▶ _Task details_:
Copy each entry precisely as written, and do not carry over the pictures.

#### Input material

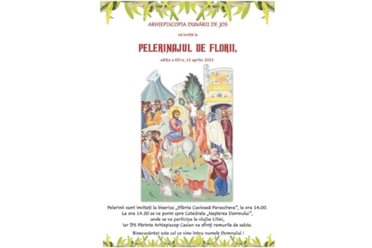 „Sâmbătă, 12 aprilie, în ajunul Praznicului Împărătesc al Floriilor, în municipiile Brăila și Galați, precum şi în alte localităţi din cele două judeţe ale Arhiepiscopiei Dunării de Jos, se va desfăşura tradiţionalul Pelerinaj de Florii, care aminteşte de momentul Intrării Mântuitorului nostru Iisus Hristos în cetatea Ierusalimului”, precizează Biroul de Presă al Arhiepiscopiei Dunării de Jos.
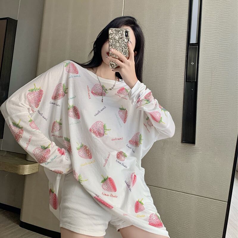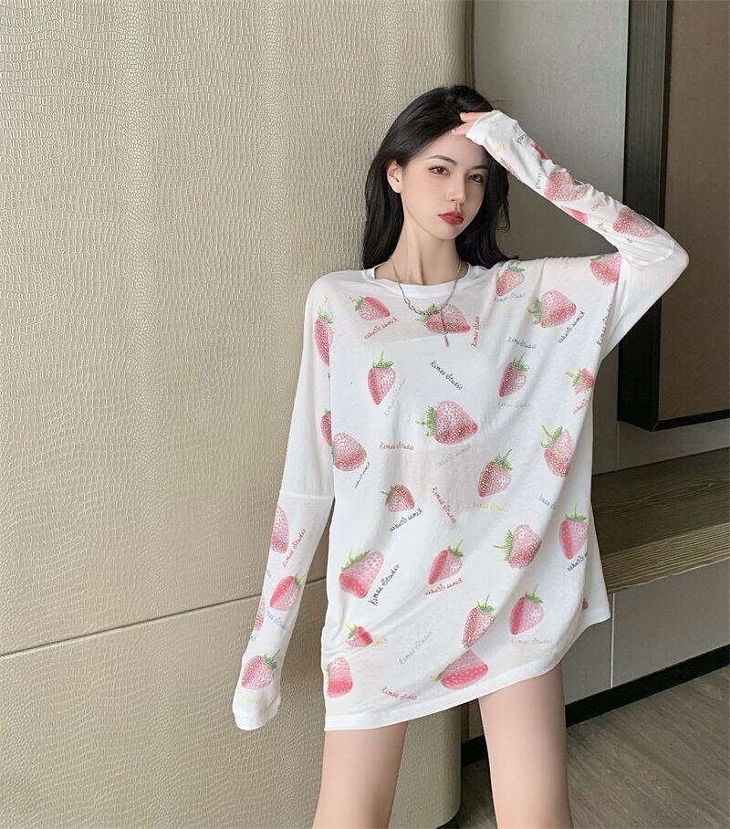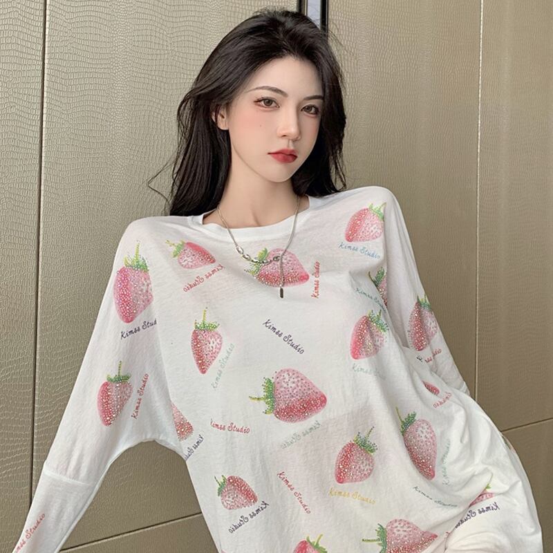 Tシャツ サマースタイルラインストーンルーズ薄手ホワイトトップス ロング 夏物 セブンプリンセス54286621602
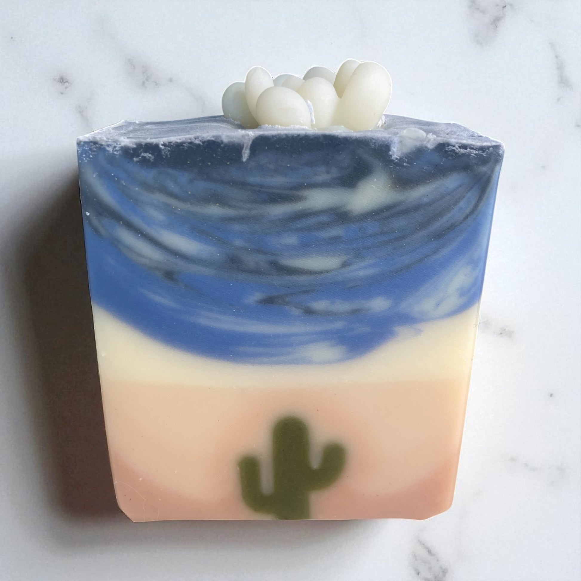 Experience the serenity of the desert at sunset with our Desert Bloom Bars. Handcrafted by Yellow Lark Soap Co., this artisan soap features a dreamy cactus landscape design topped with delicate succulent accents. Scented with a soothing blend of lavender, lemongrass, and frankincense essential oils, this bar offers a calming yet refreshing wash that nurtures both skin and spirit. Perfect for those who love nature-inspired skincare, each bar transforms your daily routine into a desert spa ritual. Gentle, moisturizing, and long-lasting, this soap makes a beautiful gift or a self-care essential.
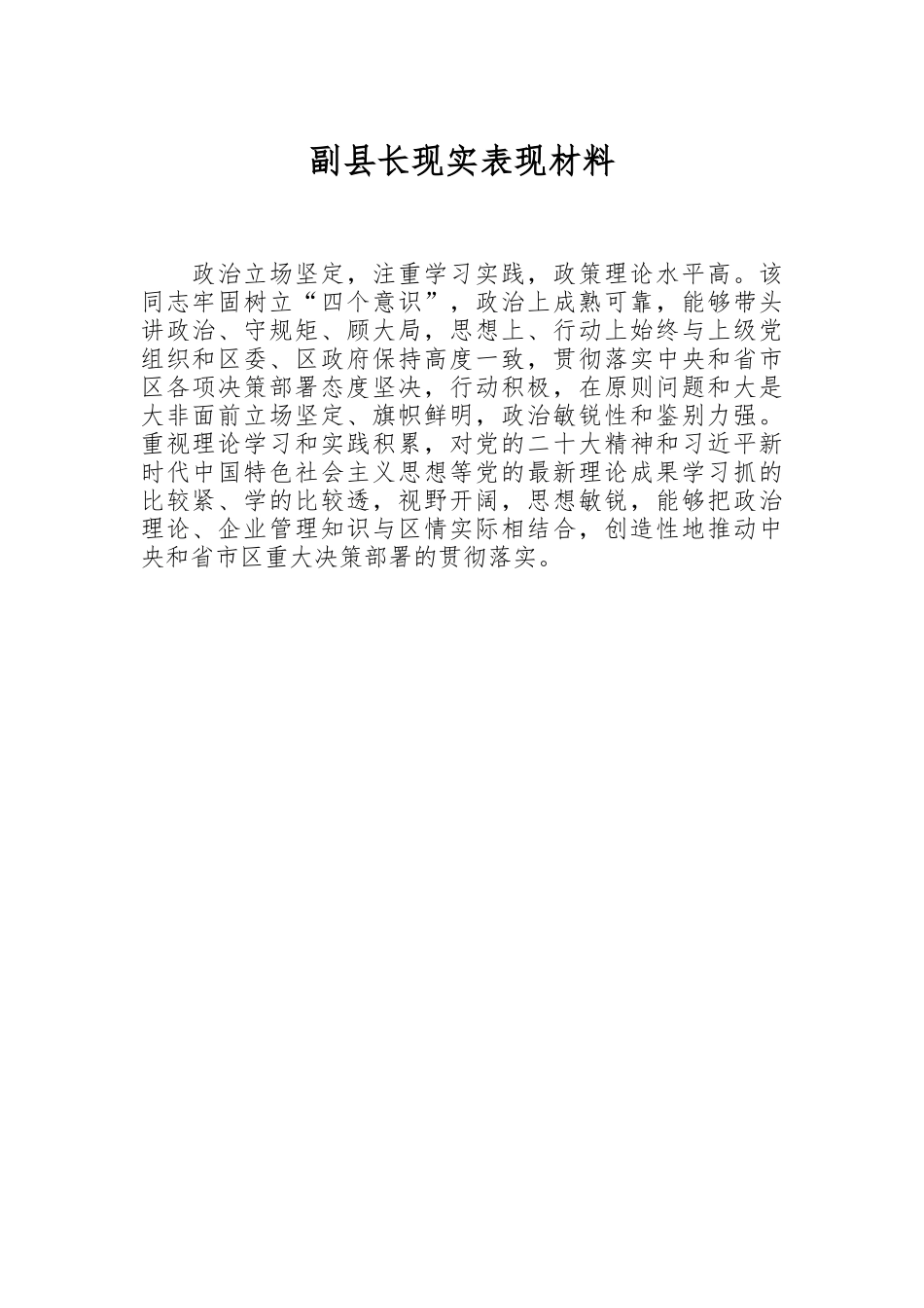 副县长现实表现材料政治立场坚定,注重学习实践,政策理论水平高。该同志牢固树立“四个意识”,政治上成熟可靠,能够带头讲政治、守规矩、顾大局,思想上、行动上始终与上级党组织和区委、区政府保持高度一致,贯彻落实中央和省市区各项决策部署态度坚决,行动积极,在原则问题和大是大非面前立场坚定、旗帜鲜明,政治敏锐性和鉴别力强。重视理论学习和实践积累,对党的二十大精神和习近平新时代中国特色社会主义思想等党的最新理论成果学习抓的比较紧、学的比较透,视野开阔,思想敏锐,能够把政治理论、企业管理知识与区情实际相结合,创造性地推动中央和省市区重大决策部署的贯彻落实。作风务实高效,勇于担当负责,尽职履责实绩好。该同志作风务实,勤勉尽责,注重运用务实地企业管理理念看问题、出主意、抓工作。一年年来,按照“重工作实效创一流业绩”的要求,带领分管部门攻坚克难,真抓实干圆满完成了分管的科技、司法等部门工作任务。抓实项目建设,多次赴省、市相关部门对接、协调,协助引进了文化产业园等项目,建成了种子存储加工三期项目、种子仓储等项目,总投资额达3亿元,进一步夯实了全区经济社会发展基础。充分发挥科技支撑和引领作用,坚持把科技项目资金争取作为科技工作的重中之重,年内申请立项省、市科技项目65项,到位资金达2000万元;引进试验农作物新品种180多个,示范推广新农业技术60多项;加快企业技术创新体系建设,认定“区级众创空间”20家,营造了良好的创新创业生态环境。全面提升司法保障和服务水平牢牢抓住司法所规范化建设这条主线,加强硬件建设,着力提升干部业务能力,打造了10个精品司法所,指导编写了《司法工作法律汇编》,司法规范化建设扎实推进。督促抓好特殊人群服务管理,社区接收服刑人员建档率、衔接率均达100%。深入推进矛盾化解,年内累计调处矛盾纠纷2222起,调处率达到98%,有效促进了社会和谐稳定。深入开展“八五”普法,组织开展了形式多样的大型集中法治讲座、宣传222场次,培养“法律明白人”6万余人,群众法律知识素养进一步提高。组织观念较好,敢于坚持原则,团结协作意识强。该同志能够坚决遵守党的民主集中制原则,自觉摆正位置,积极建言献策,坚决落实区委、区政府的重大决策部署,坚持重大事项请示报告制度,自觉维护区政府领导班子团结;对分管工作的进展情况,及时向主要领导汇报,向班子其他领导通气。遇事主动同分管部门领导沟通,积极协调解决重大问题,善于调动分管部门领导的工作积极性,有效推动工作任务落实。能够自觉接受人大政协监督,注意加强与上级政府和市直部门的沟通联系,较好地处理各个方面的关系,为开展工作创造了良好环境。为人公道正派,勤于修身律己,廉政责任落实严。该同志始终坚持严以律己、廉洁从政,时刻敬畏权力、恪守规矩。时时注意遵守纪律规定,严格抓好分管口的廉政建设和意识形态工作。多次约谈分管部门班子成员,进一步促进了主体责任落实和干部作风改进,所分管的部门及其班子成员未发生党风廉政方面的问题。严格管控和引领分管部门意识形态工作,对于错误观点和错误倾向,及时澄清谬误、消除影响;对于大是大非问题和政治原则问题,能够旗帜鲜明、立场坚定地开展斗争,分管部门未曾出现意识形态问题。同时严格要求自己、家属及身边工作人员注重品德修养,秉公办事、廉洁奉公,树立了良好个人形象。不足之处:对区情实际调查了解得不深不细,到基层乡村农户去得少;工作中有时存在畏难情绪,工作魄力不够;工作的预见性和超前性不够等。
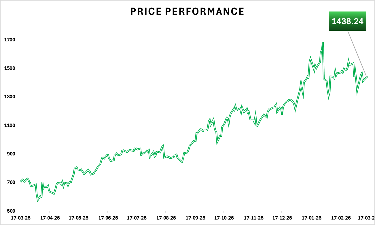 The shares are well above the 52-week low of $551.33 but still below the 52-week high of $1,693.35. 954,922 shares were traded, slightly below the 20-day average of 1,091,012. So there is no sign here of unusual panic or euphoria in the most recent session.
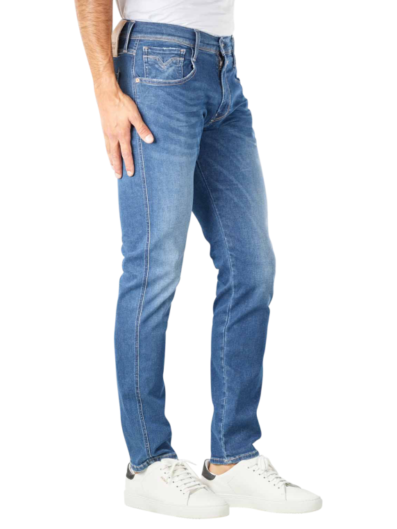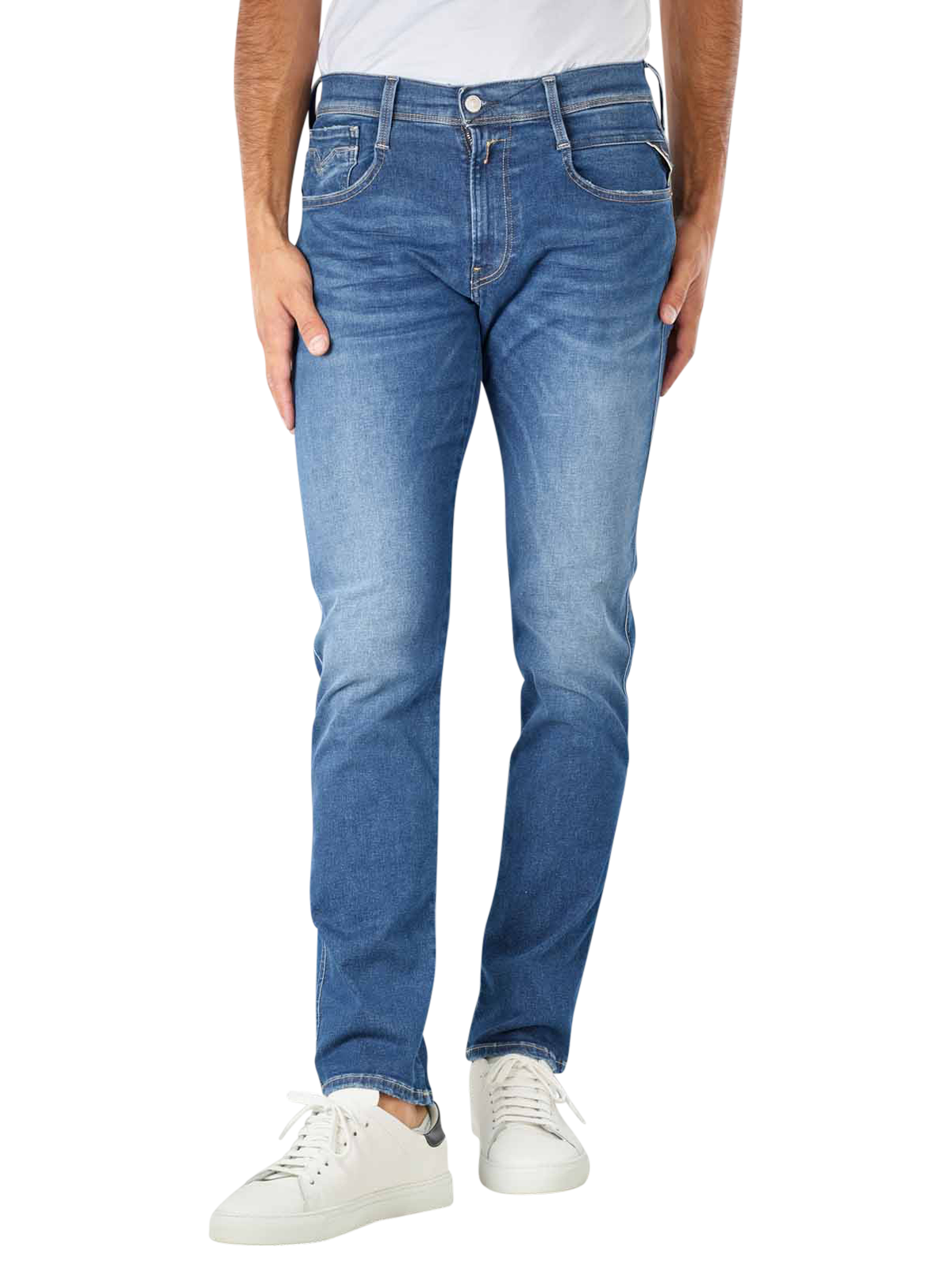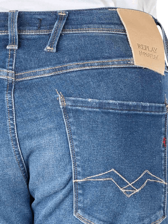 Die Replay Anbass Jeans Slim Fit im Farbton Blue besteht aus einem hochelastischen Baumwolldenim aus recyceltem Material und lässt sich mit Knopf und Reissverschluss verschliessen. Sie ist im klassischen Five-Pocket-Stil gehalten und bietet mit mittlerer Taille und einem zur Unterkante enger werdenden Bein auch bei Freizeitaktivitäten einen hohen Tragekomfort. Die Replay Anbass Jeans Slim Fit ist zudem sehr pflegeleicht und bei 30 °C waschbar.
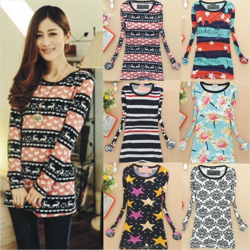 虎門T恤 2015秋冬季加絨加厚保暖長袖T恤女式上衣打底衫地攤貨源 /
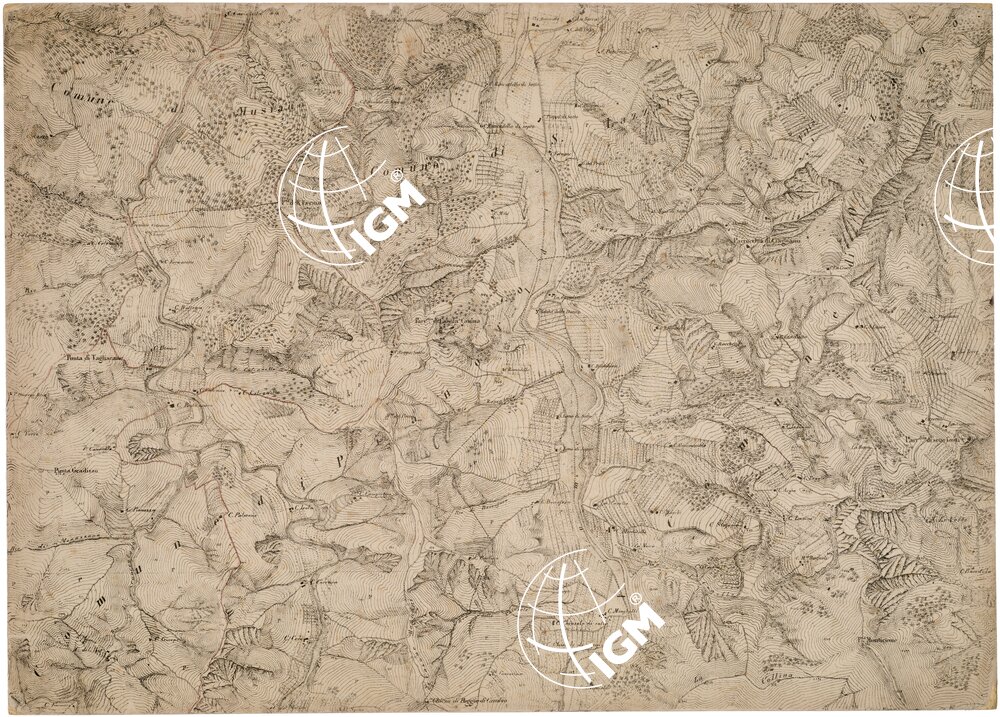 Rappresentazione orografica planimetrica. La copia è montata su cartoncino rigido e presenta il numero di inventario 5384 bis.
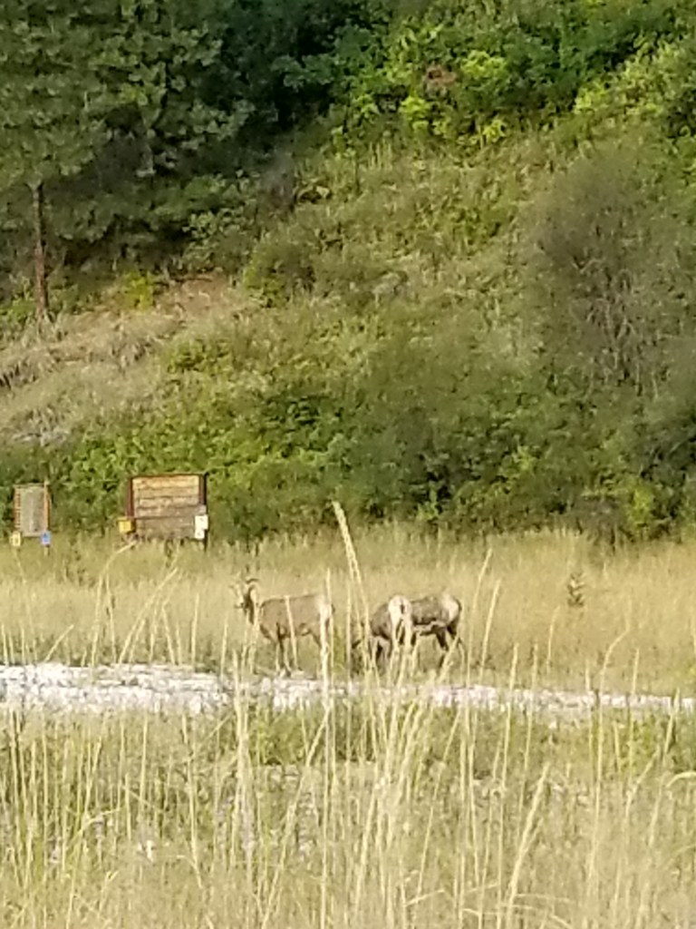 For amusement, a herd of mountain sheep went up and down the hillside in front of me. The younger ones even came down to eat. However, when the dominant Male returned, they just watched me and even when I got in my tent he would not let any of them come down.

########

▶ _Answer space_:
 „Sâmbătă, 12 aprilie, în ajunul Praznicului Împărătesc al Floriilor, în municipiile Brăila și Galați, precum şi în alte localităţi din cele două judeţe ale Arhiepiscopiei Dunării de Jos, se va desfăşura tradiţionalul Pelerinaj de Florii, care aminteşte de momentul Intrării Mântuitorului nostru Iisus Hristos în cetatea Ierusalimului”, precizează Biroul de Presă al Arhiepiscopiei Dunării de Jos.
 Tシャツ サマースタイルラインストーンルーズ薄手ホワイトトップス ロング 夏物 セブンプリンセス54286621602
 Experience the serenity of the desert at sunset with our Desert Bloom Bars. Handcrafted by Yellow Lark Soap Co., this artisan soap features a dreamy cactus landscape design topped with delicate succulent accents. Scented with a soothing blend of lavender, lemongrass, and frankincense essential oils, this bar offers a calming yet refreshing wash that nurtures both skin and spirit. Perfect for those who love nature-inspired skincare, each bar transforms your daily routine into a desert spa ritual. Gentle, moisturizing, and long-lasting, this soap makes a beautiful gift or a self-care essential.
 副县长现实表现材料政治立场坚定,注重学习实践,政策理论水平高。该同志牢固树立“四个意识”,政治上成熟可靠,能够带头讲政治、守规矩、顾大局,思想上、行动上始终与上级党组织和区委、区政府保持高度一致,贯彻落实中央和省市区各项决策部署态度坚决,行动积极,在原则问题和大是大非面前立场坚定、旗帜鲜明,政治敏锐性和鉴别力强。重视理论学习和实践积累,对党的二十大精神和习近平新时代中国特色社会主义思想等党的最新理论成果学习抓的比较紧、学的比较透,视野开阔,思想敏锐,能够把政治理论、企业管理知识与区情实际相结合,创造性地推动中央和省市区重大决策部署的贯彻落实。作风务实高效,勇于担当负责,尽职履责实绩好。该同志作风务实,勤勉尽责,注重运用务实地企业管理理念看问题、出主意、抓工作。一年年来,按照“重工作实效创一流业绩”的要求,带领分管部门攻坚克难,真抓实干圆满完成了分管的科技、司法等部门工作任务。抓实项目建设,多次赴省、市相关部门对接、协调,协助引进了文化产业园等项目,建成了种子存储加工三期项目、种子仓储等项目,总投资额达3亿元,进一步夯实了全区经济社会发展基础。充分发挥科技支撑和引领作用,坚持把科技项目资金争取作为科技工作的重中之重,年内申请立项省、市科技项目65项,到位资金达2000万元;引进试验农作物新品种180多个,示范推广新农业技术60多项;加快企业技术创新体系建设,认定“区级众创空间”20家,营造了良好的创新创业生态环境。全面提升司法保障和服务水平牢牢抓住司法所规范化建设这条主线,加强硬件建设,着力提升干部业务能力,打造了10个精品司法所,指导编写了《司法工作法律汇编》,司法规范化建设扎实推进。督促抓好特殊人群服务管理,社区接收服刑人员建档率、衔接率均达100%。深入推进矛盾化解,年内累计调处矛盾纠纷2222起,调处率达到98%,有效促进了社会和谐稳定。深入开展“八五”普法,组织开展了形式多样的大型集中法治讲座、宣传222场次,培养“法律明白人”6万余人,群众法律知识素养进一步提高。组织观念较好,敢于坚持原则,团结协作意识强。该同志能够坚决遵守党的民主集中制原则,自觉摆正位置,积极建言献策,坚决落实区委、区政府的重大决策部署,坚持重大事项请示报告制度,自觉维护区政府领导班子团结;对分管工作的进展情况,及时向主要领导汇报,向班子其他领导通气。遇事主动同分管部门领导沟通,积极协调解决重大问题,善于调动分管部门领导的工作积极性,有效推动工作任务落实。能够自觉接受人大政协监督,注意加强与上级政府和市直部门的沟通联系,较好地处理各个方面的关系,为开展工作创造了良好环境。为人公道正派,勤于修身律己,廉政责任落实严。该同志始终坚持严以律己、廉洁从政,时刻敬畏权力、恪守规矩。时时注意遵守纪律规定,严格抓好分管口的廉政建设和意识形态工作。多次约谈分管部门班子成员,进一步促进了主体责任落实和干部作风改进,所分管的部门及其班子成员未发生党风廉政方面的问题。严格管控和引领分管部门意识形态工作,对于错误观点和错误倾向,及时澄清谬误、消除影响;对于大是大非问题和政治原则问题,能够旗帜鲜明、立场坚定地开展斗争,分管部门未曾出现意识形态问题。同时严格要求自己、家属及身边工作人员注重品德修养,秉公办事、廉洁奉公,树立了良好个人形象。不足之处:对区情实际调查了解得不深不细,到基层乡村农户去得少;工作中有时存在畏难情绪,工作魄力不够;工作的预见性和超前性不够等。
 The shares are well above the 52-week low of $551.33 but still below the 52-week high of $1,693.35. 954,922 shares were traded, slightly below the 20-day average of 1,091,012. So there is no sign here of unusual panic or euphoria in the most recent session.
 Die Replay Anbass Jeans Slim Fit im Farbton Blue besteht aus einem hochelastischen Baumwolldenim aus recyceltem Material und lässt sich mit Knopf und Reissverschluss verschliessen. Sie ist im klassischen Five-Pocket-Stil gehalten und bietet mit mittlerer Taille und einem zur Unterkante enger werdenden Bein auch bei Freizeitaktivitäten einen hohen Tragekomfort. Die Replay Anbass Jeans Slim Fit ist zudem sehr pflegeleicht und bei 30 °C waschbar.
 虎門T恤 2015秋冬季加絨加厚保暖長袖T恤女式上衣打底衫地攤貨源 /
 Rappresentazione orografica planimetrica. La copia è montata su cartoncino rigido e presenta il numero di inventario 5384 bis.
 For amusement, a herd of mountain sheep went up and down the hillside in front of me. The younger ones even came down to eat. However, when the dominant Male returned, they just watched me and even when I got in my tent he would not let any of them come down.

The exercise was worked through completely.